**YOUR INSTRUCTIONS:**
Transcribe the full listing below, word for word, without pictures.

━━━━━━━━━━━━━━━━

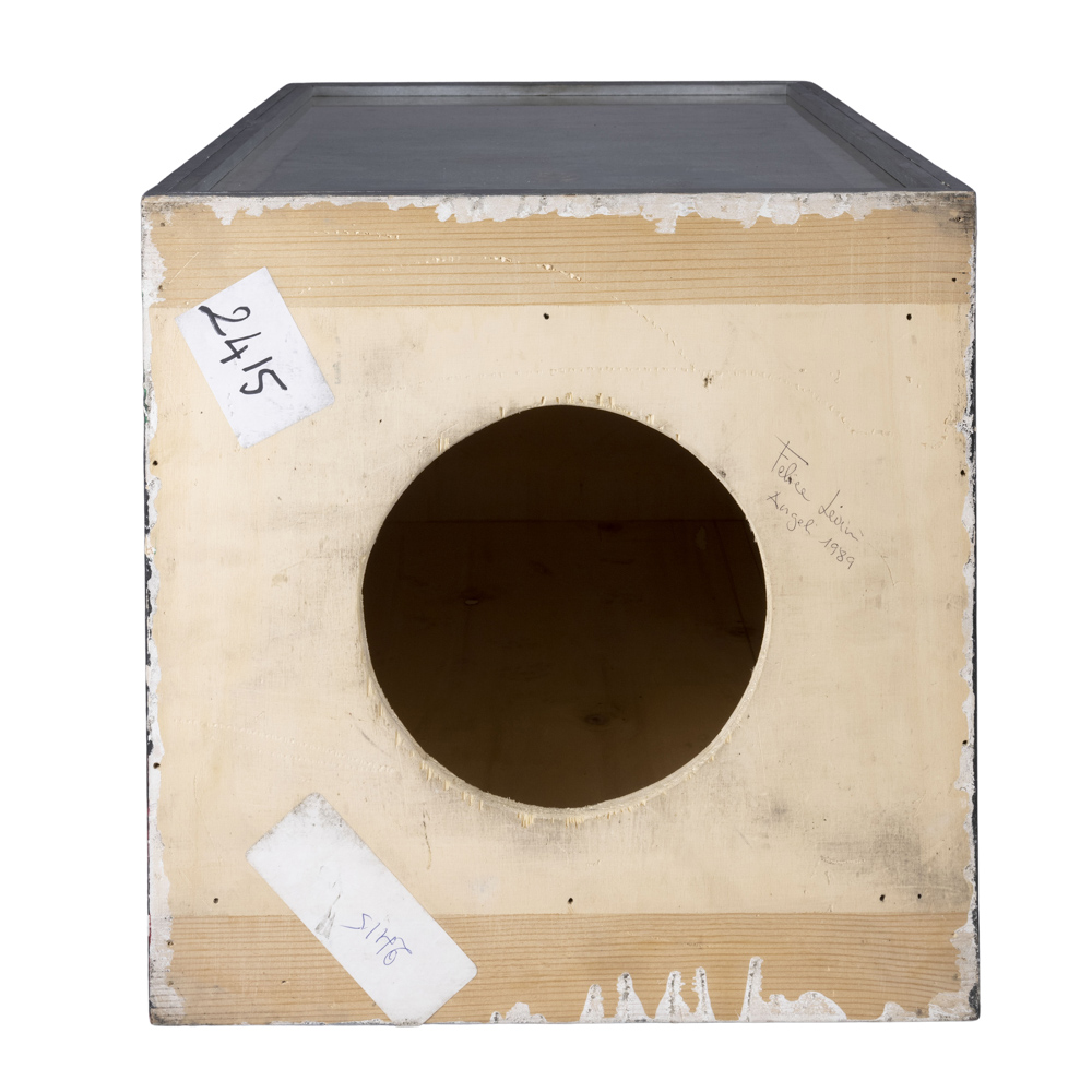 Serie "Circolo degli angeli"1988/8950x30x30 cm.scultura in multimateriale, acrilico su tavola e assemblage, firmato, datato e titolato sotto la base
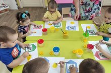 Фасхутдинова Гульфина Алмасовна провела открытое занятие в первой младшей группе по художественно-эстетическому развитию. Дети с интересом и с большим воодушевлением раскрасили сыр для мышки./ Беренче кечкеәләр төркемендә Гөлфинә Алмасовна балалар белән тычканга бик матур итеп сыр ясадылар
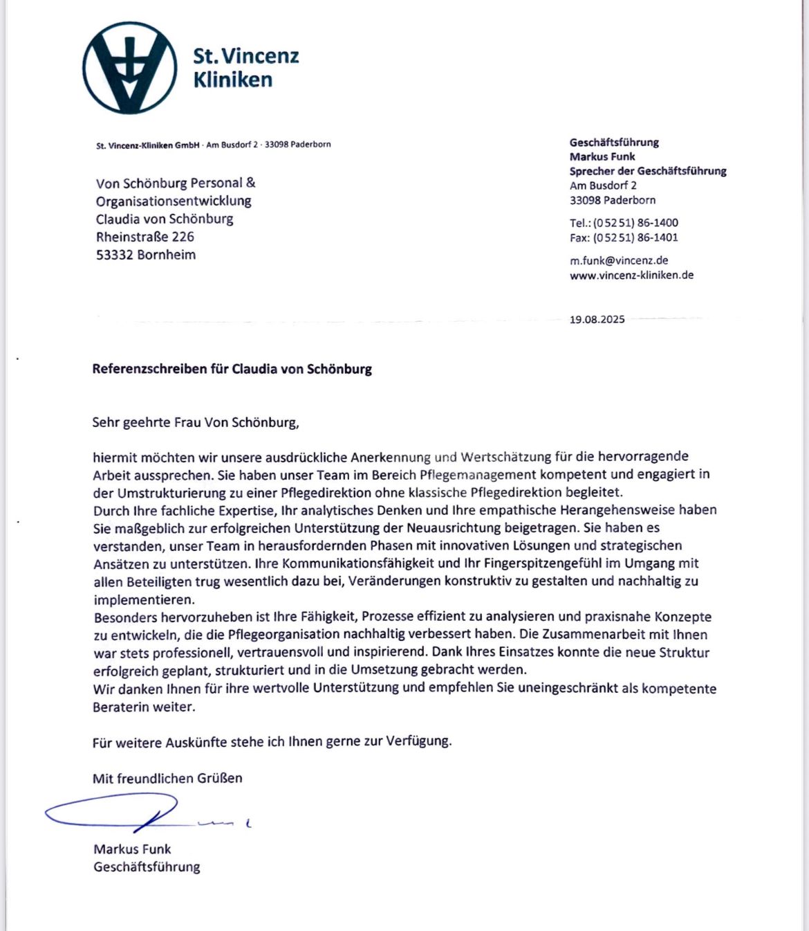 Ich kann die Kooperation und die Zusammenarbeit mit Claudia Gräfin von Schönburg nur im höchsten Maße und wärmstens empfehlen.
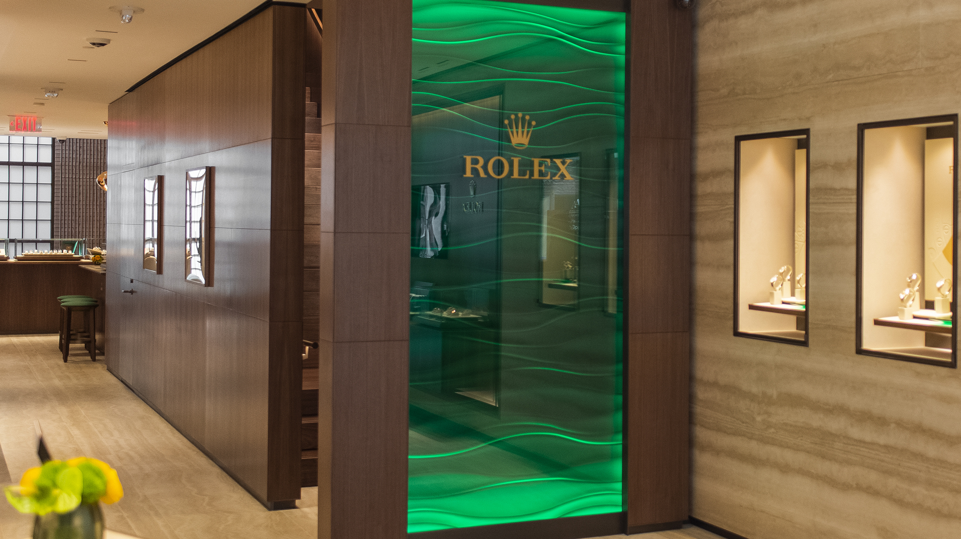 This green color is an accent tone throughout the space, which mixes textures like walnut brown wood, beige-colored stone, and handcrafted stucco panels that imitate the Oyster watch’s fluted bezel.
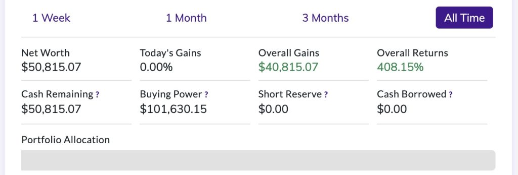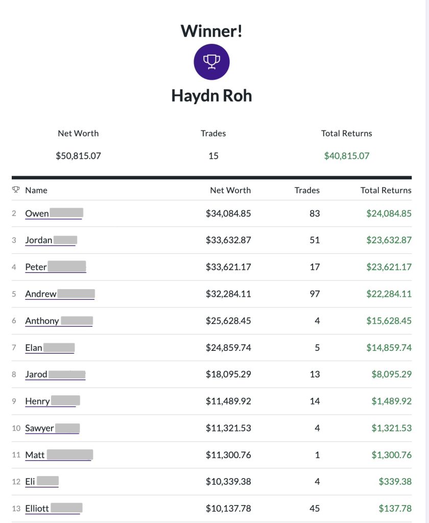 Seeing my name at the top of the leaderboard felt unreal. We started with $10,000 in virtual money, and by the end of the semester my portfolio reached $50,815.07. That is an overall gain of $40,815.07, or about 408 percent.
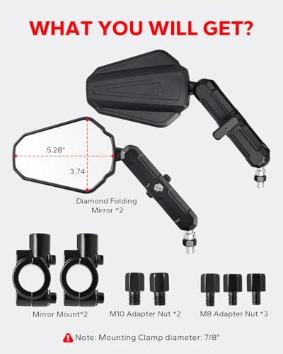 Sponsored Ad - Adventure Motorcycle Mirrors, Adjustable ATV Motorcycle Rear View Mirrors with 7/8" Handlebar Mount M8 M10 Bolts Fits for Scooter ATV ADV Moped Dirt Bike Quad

━━━━━━━━━━━━━━━━

**YOUR SOLUTION:**
 Serie "Circolo degli angeli"1988/8950x30x30 cm.scultura in multimateriale, acrilico su tavola e assemblage, firmato, datato e titolato sotto la base
 Фасхутдинова Гульфина Алмасовна провела открытое занятие в первой младшей группе по художественно-эстетическому развитию. Дети с интересом и с большим воодушевлением раскрасили сыр для мышки./ Беренче кечкеәләр төркемендә Гөлфинә Алмасовна балалар белән тычканга бик матур итеп сыр ясадылар
 Ich kann die Kooperation und die Zusammenarbeit mit Claudia Gräfin von Schönburg nur im höchsten Maße und wärmstens empfehlen.
 This green color is an accent tone throughout the space, which mixes textures like walnut brown wood, beige-colored stone, and handcrafted stucco panels that imitate the Oyster watch’s fluted bezel.
 Seeing my name at the top of the leaderboard felt unreal. We started with $10,000 in virtual money, and by the end of the semester my portfolio reached $50,815.07. That is an overall gain of $40,815.07, or about 408 percent.
 Sponsored Ad - Adventure Motorcycle Mirrors, Adjustable ATV Motorcycle Rear View Mirrors with 7/8" Handlebar Mount M8 M10 Bolts Fits for Scooter ATV ADV Moped Dirt Bike Quad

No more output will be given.